Na análise mensal, dentre os principais setores, o setor de “Móveis e Eletrodomésticos” apresentou alta de 1,6% em julho, descontados os efeitos sazonais. A categoria de “Tecidos, Vestuários e Calçados” caiu 1,4% no mês, expurgados os efeitos sazonais. A atividade do setor de “Supermercados, Alimentos e Bebidas” subiu 0,5% no mês na série dessazonalizada. Por fim, o segmento de “Combustíveis e Lubrificantes” subiu 0,4% em julho considerando dados dessazonalizados (SCPC).

Nível de estoques do varejo tem ligeira alta em agosto

A retomada da economia deve se intensificar no segundo semestre de 2017, como já previam os principais indicadores da FecomercioSP, que mostravam um deslocamento da economia em relação ao ambiente político nos meses de junho e julho. Em agosto, o Índice de Estoques (IE) do comércio varejista na região metropolitana de São Paulo registrou ligeira alta(1,2%), passando de 105,8 para 107,1 pontos. Em relação ao mesmo mês de 2016, quando o índice atingia 101,6 pontos, houve um aumento de 5,4%.
Assim, a proporção de empresários com estoques adequados alcançou 53,5%, mantendo-se acima dos 50% pelo quarto mês consecutivo, mas ainda abaixo dos 60% a 65% vistos em momentos de boas vendas. Os dados são do Índice de Estoques (IE) da FecomercioSP, que capta a percepção dos comerciantes sobre o volume de mercadorias estocadas nas lojas, e varia de zero (inadequação total) a 200 pontos (adequação total). A marca dos cem pontos é o limite entre inadequação e adequação.
A parcela deempresários que afirma estar com estoques acima do adequadoapresentou pouca variação, de -0,3 ponto porcentual (p.p), na comparação com julho, atingindo 32,4%. Já os que disseram estar com o nível de mercadorias abaixo do ideal ficou estável, em 13,9%. Entre abril e maio, houve uma aceleração do ajuste de estoques que culminou em quedas, e em junho, julho e agosto houve praticamente uma estabilização (FecomercioSP).

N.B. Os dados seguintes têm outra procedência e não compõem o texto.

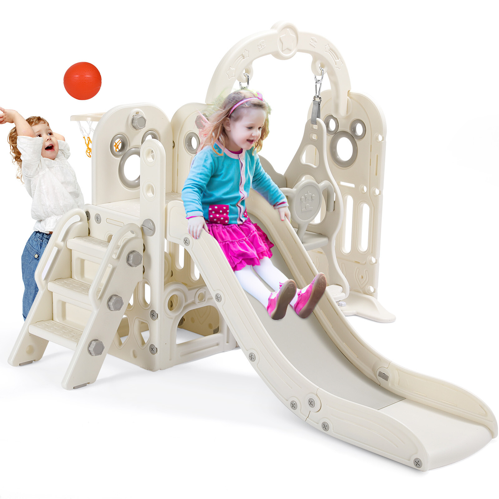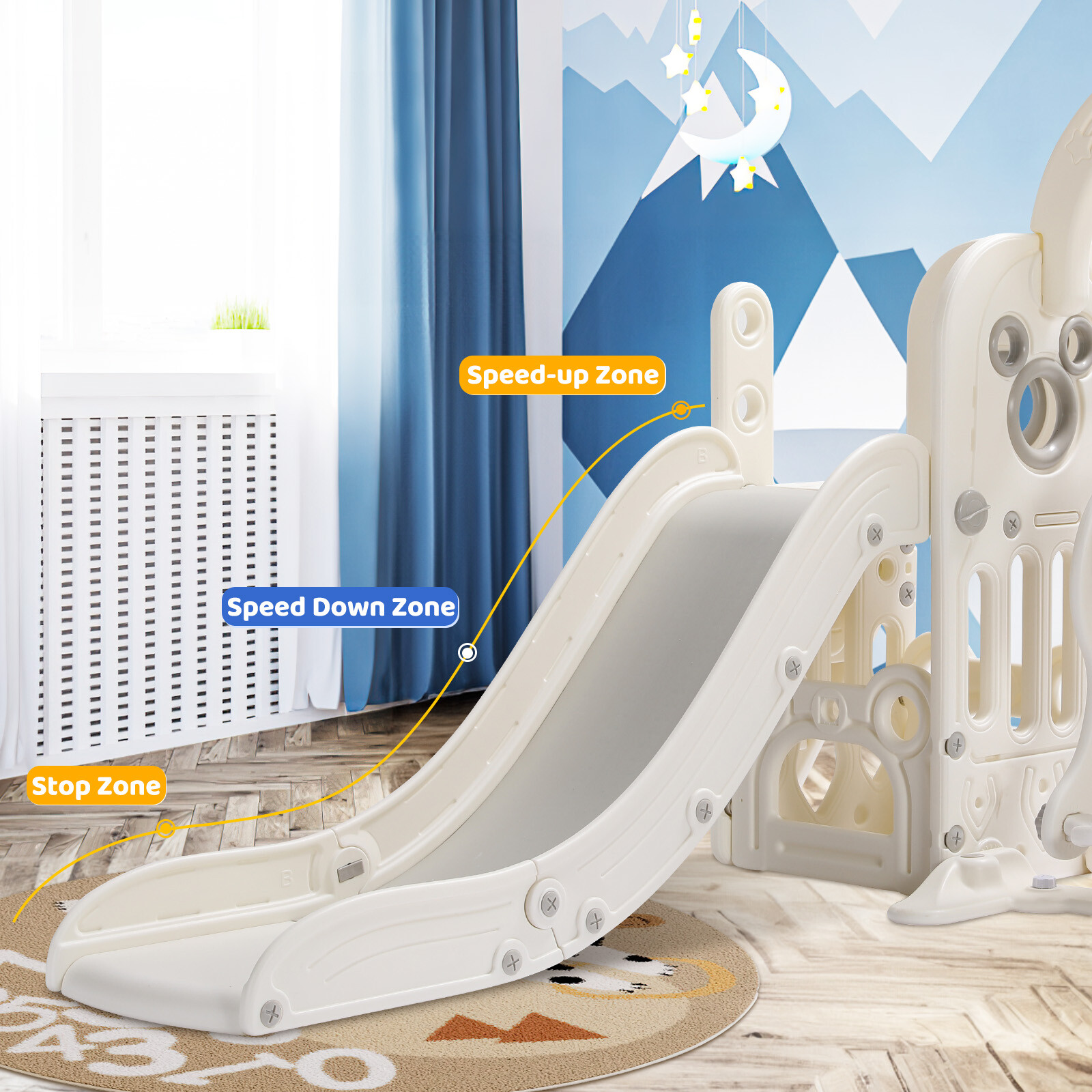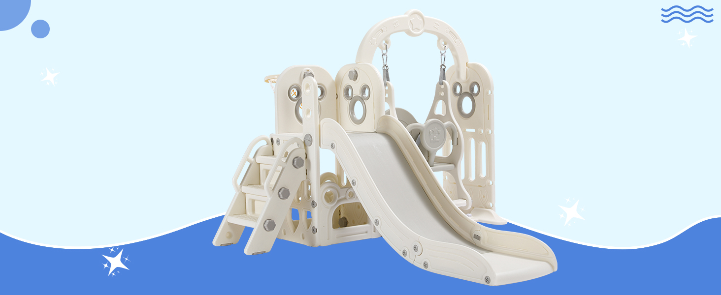 - 5 IN 1 ACTIVITY CENTER - The adorable indoor baby slide features 5 activity areas, including climber, slide, swing, shooting hoop and storage space. By swinging, climbing, sliding and jumping, baby develops coordination and a sense of adventure as they play. Also help improve gross motor skills keeping physical fitness and expending excess energy.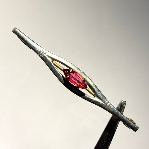 Forgyldt ell bronze? Vintage broche, stemplet meka og med grøn emalje afbildning af vikinger samt et par helleristninger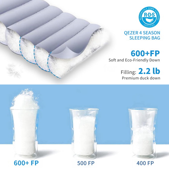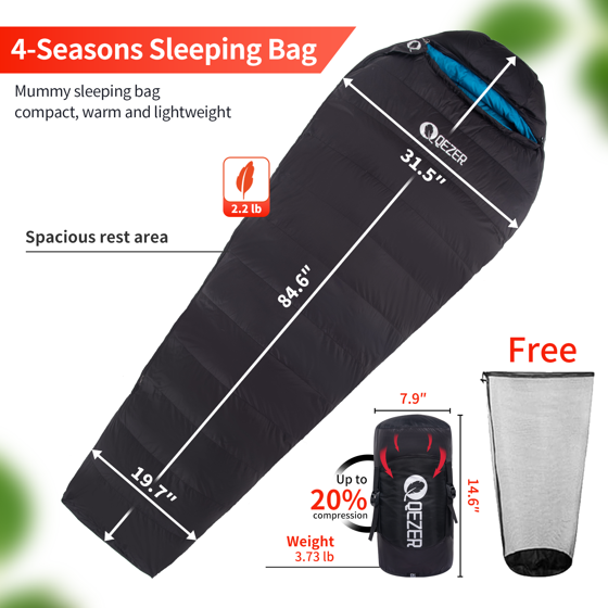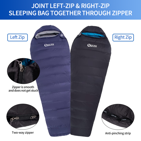 QEZER Down Sleeping Bag for Adults, 10°F Cold Weather Backpacking Sleeping Bag with Compression Sack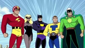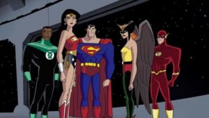 فريق العدالة – المسلسل : في مسلسل الرسوم المتحركة هذا، يحارب كل من “سوبرمان” و”باتمان” و”وندر وومان” و”فلاش” و”غرين لانترن” و”مارشن مانهانتر” و”هوك جيرل” الجريمة بصفتهم “فريق العدالة”.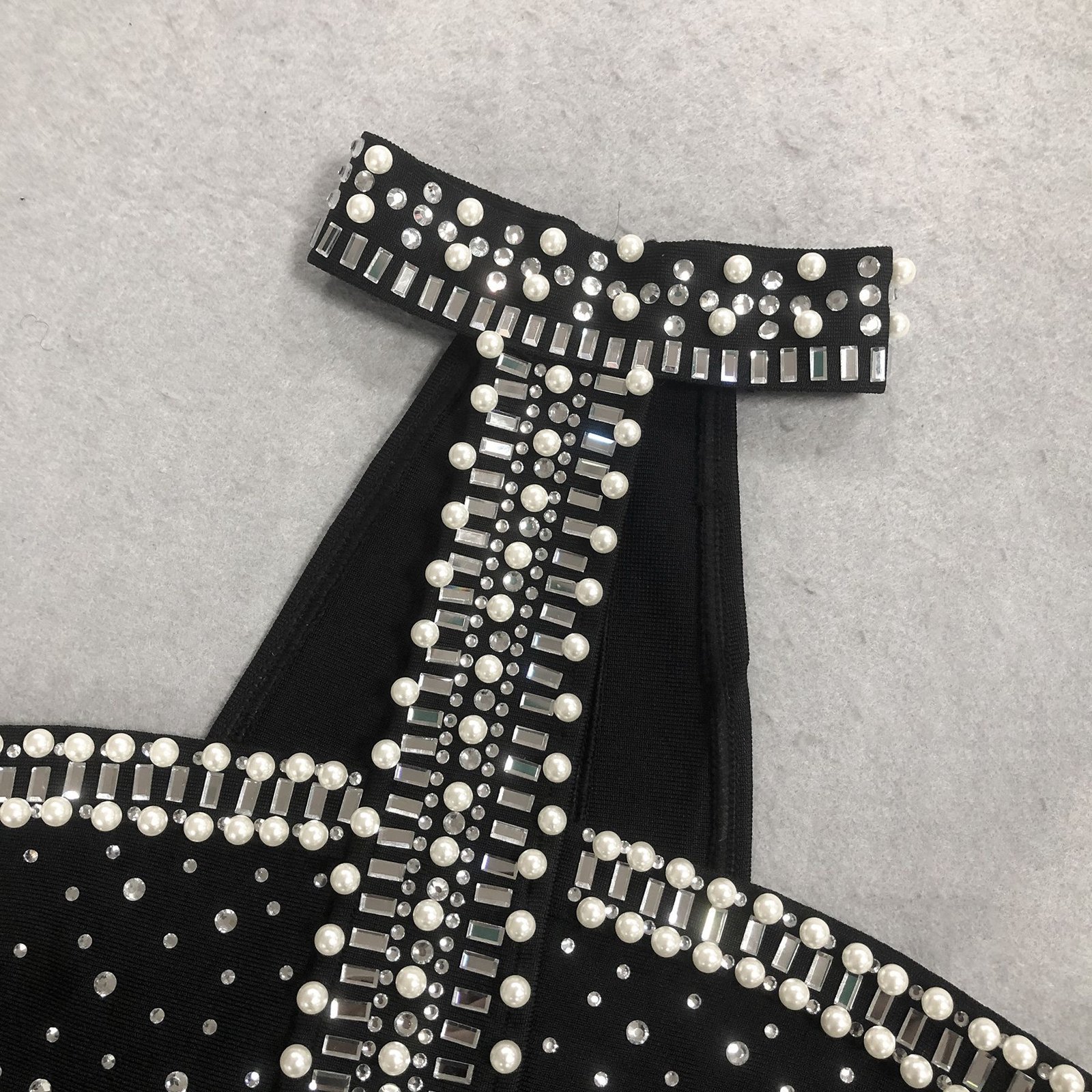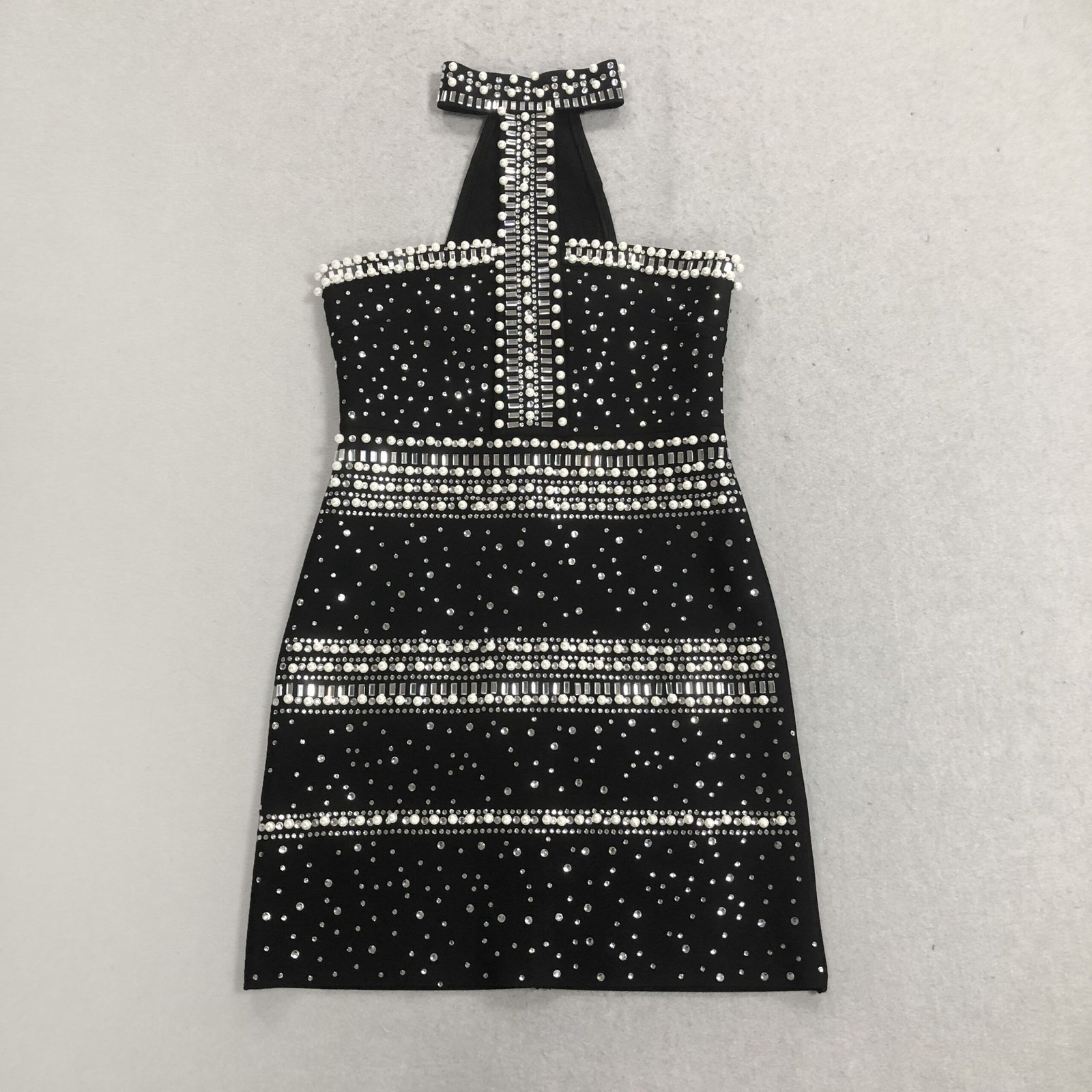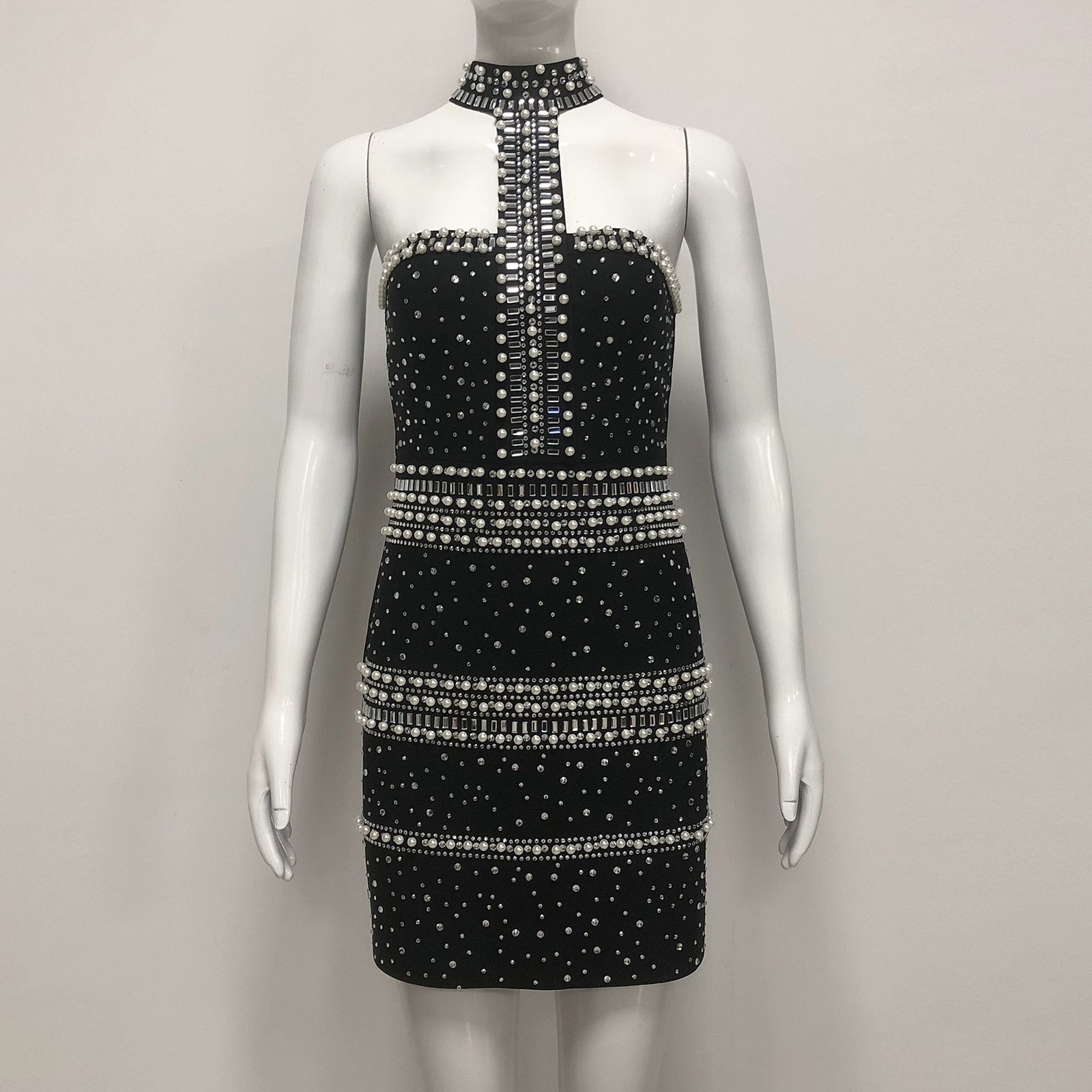 Vestido negro corto ajustado con escote halter, cuello alto decorado con pedrería y detalles de cristales en el frontal. Diseño elegante y femenino ideal para fiestas y eventos especiales.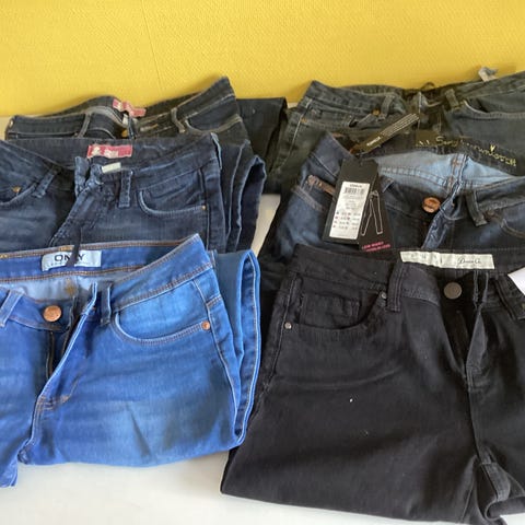 Ubrugte Jeans, damebukser str 42. znk for-vaskede denim. 3 tøjannoncer for 2
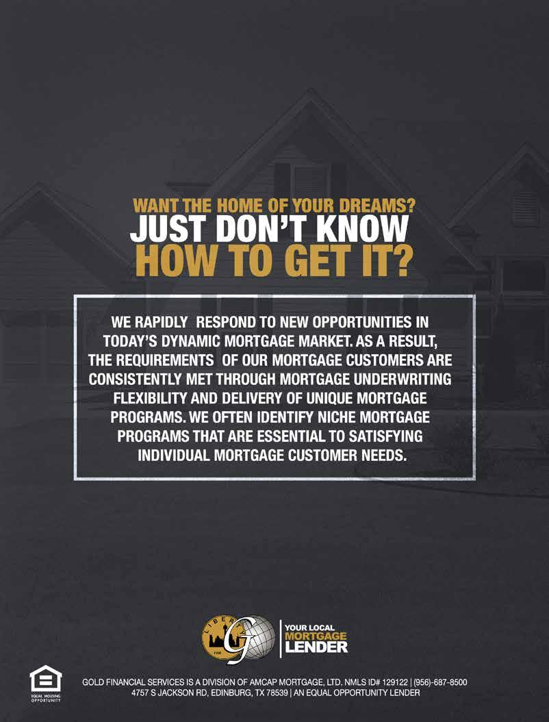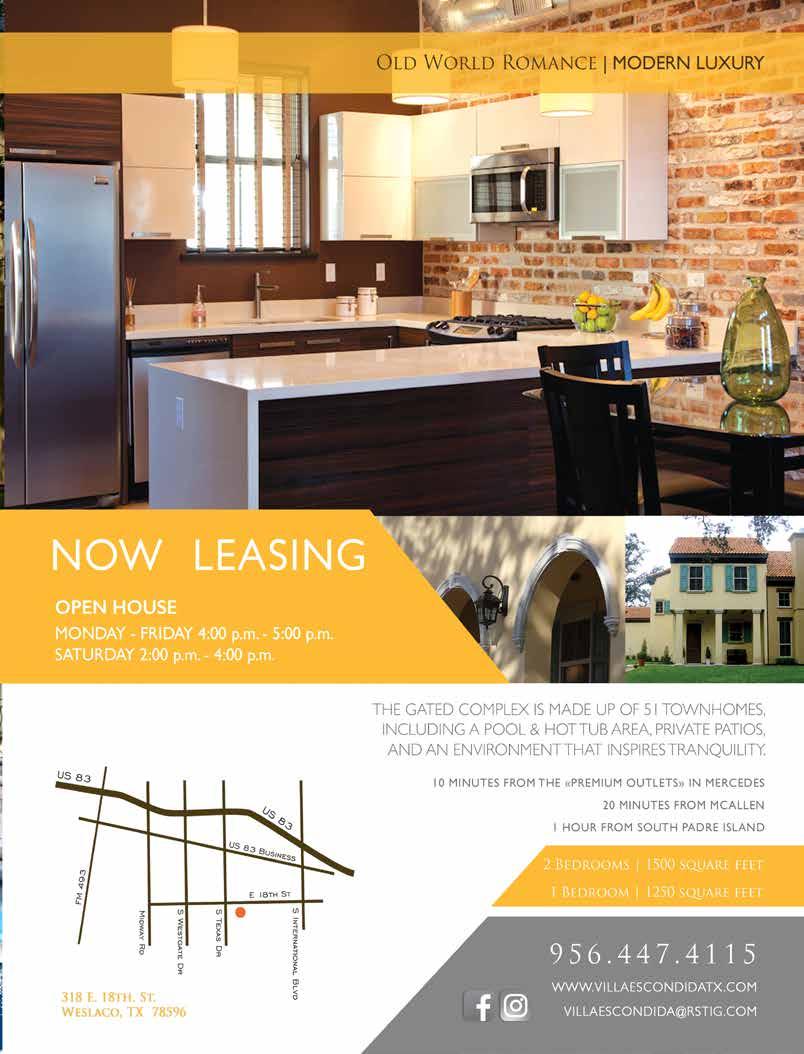 Copyright by RGVision Publications Inc. All rights reserved. Reproduction without expressed written permission of the publisher is prohibited. The opinions and views expressed in the magazine don’t necessarily reflect those of our advertisers or collaborators. RGVision magazine is published bi-monthly and circulates 12,000 copies across the Rio Grande Valley in 420 locations with a direct mail distribution to major hospitals and Superintendents within Region 1. The RGVision office is located at 801 N Bryan Rd, Mission, TX 78572.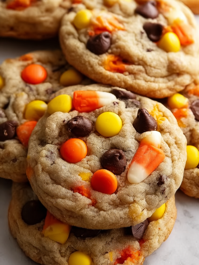 Replace candy corn with a mixture of Halloween M&Ms, Reese’s Pieces, and mini marshmallows. This creates a colorful, chunky cookie that’s loaded with different textures and flavors in every bite.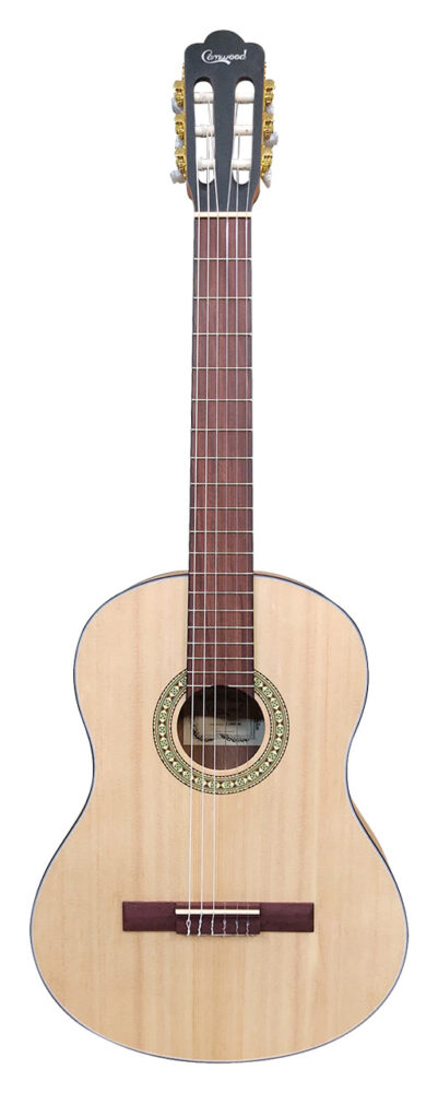 Chitarra classica 4/4 perfetta per gli studenti. Si parte dal top in Pino Himalayano abbinato a fondo e fasce in Mindi. Il manico in Meranti ha 19 Tasti e la paletta è in Kauri mentre la tastiera e il ponte sono in Palissandro Indonesiano.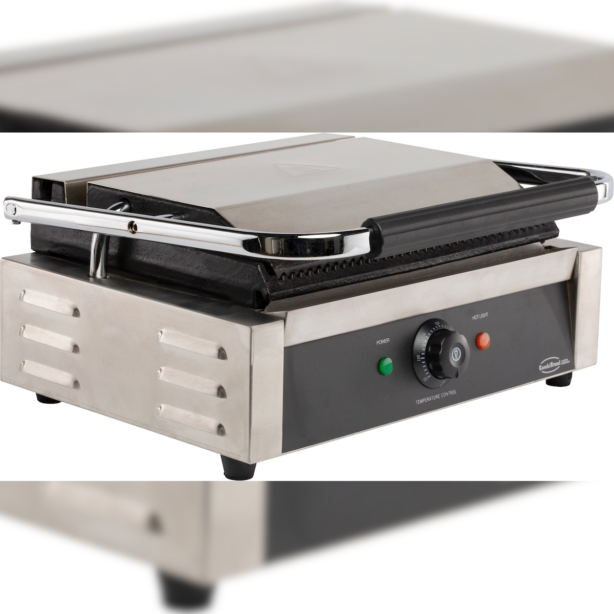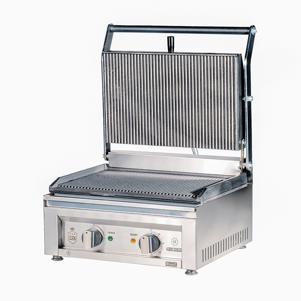 Romux® Kontaktgrill Panini Elektrisch 40 cm Einfach Tischgerät aus Edelstahl mit Doppelter Gerillter Grillfläche | Kontaktgrill 300° - 1800 W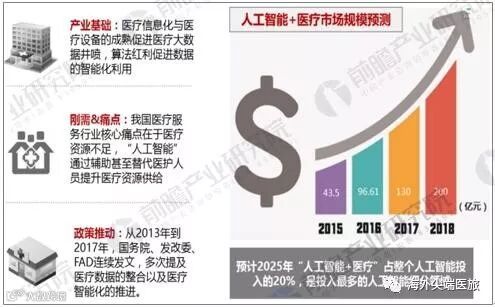 在政策推动和算法红利的促进下,“人工智能+医疗”快速发展,根据前瞻产业研究院发布的《智能医疗行业发展前景与投资分析报告》统计,2016年中国智能医疗市场规模达到96.61亿元,增长率为37.9%,中国智能医疗市场规模在持续增长,2017年将超130亿元,增长40.7%,有望在2018年市场规模达到200亿元。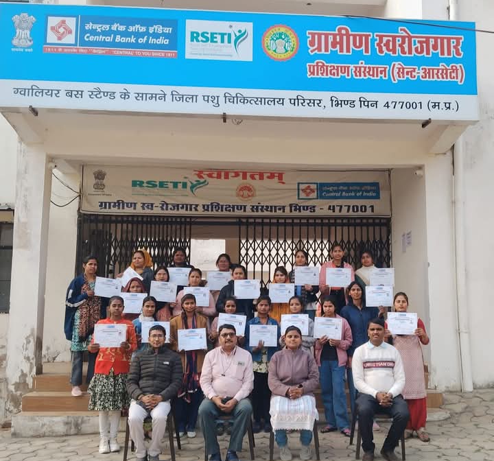 सेंट्रल बैंक ऑफ़ इंडिया ग्रामीण स्वरोजगार प्रशिक्षण संस्थान भिंड के द्वारा ब्यूटी पार्लर प्रशिक्षण का 35 दिवसीय कार्यक्रम का समापन किया गया। इस दौरान प्रशिक्षणार्थियों का मूल्यांकनकर्ता श्री रमन भदौरिया के द्वारा मूल्यांकन किया गया। इस अवसर पर निदेशक श्री संजीव श्रीवास्तव के द्वारा प्रशिक्षणार्थियों को स्वरोजगार के लिए चल रही शासन की विभिन्न योजनाओं के बारे में जानकारी प्रदान की और उनको प्रशिक्षण के पश्चात स्वरोजगार स्थापित करने के लिए प्रोत्साहित किया एवं प्रशिक्षार्थी को उज्ज्वल भविष्य की शुभकामनाएं दीं। प्रशिक्षार्थियों को प्रमाण-पत्र वितरित किए गए। इस अवसर पर ग्रामीण स्वरोजगार प्रशिक्षण संस्थान के संकाय श्री धीरेन्द्र श्रीवास्तव, संकाय सुश्री कीर्ति शर्मा, कार्यालय सहायक राहुल ओझा सहित समस्त स्टॉफ उपस्थित रहे।

Confiança da Indústria cresce 1,5 ponto, indica prévia da FGV

O Índice de Confiança da Indústria cresceu 1,5 ponto e chegou a 92,3 pontos em uma escala de zero a 200 na prévia de agosto do indicador. Segundo a FGV, a melhora do índice foi provocada por um aumento da confiança dos empresários tanto no presente quanto no futuro. O Índice da Situação Atual, que avalia a opinião dos empresários da indústria em relação ao momento presente, cresceu 0,9 ponto na prévia e atingiu 89,3 pontos. Já o Índice de Expectativas, que analisa a opinião deles em relação ao futuro, aumentou 1,9 ponto e chegou a 95,3 pontos.
O resultado preliminar de agosto indica queda de 1 ponto percentual no Nível de Utilização da Capacidade Instalada da Indústria, que foi para 73,7%. Para a prévia de agosto foram consultadas 788 empresas entre os dias 1 e 18 deste mês. O resultado final da pesquisa será divulgado na próxima terça-feira (29) (ABr).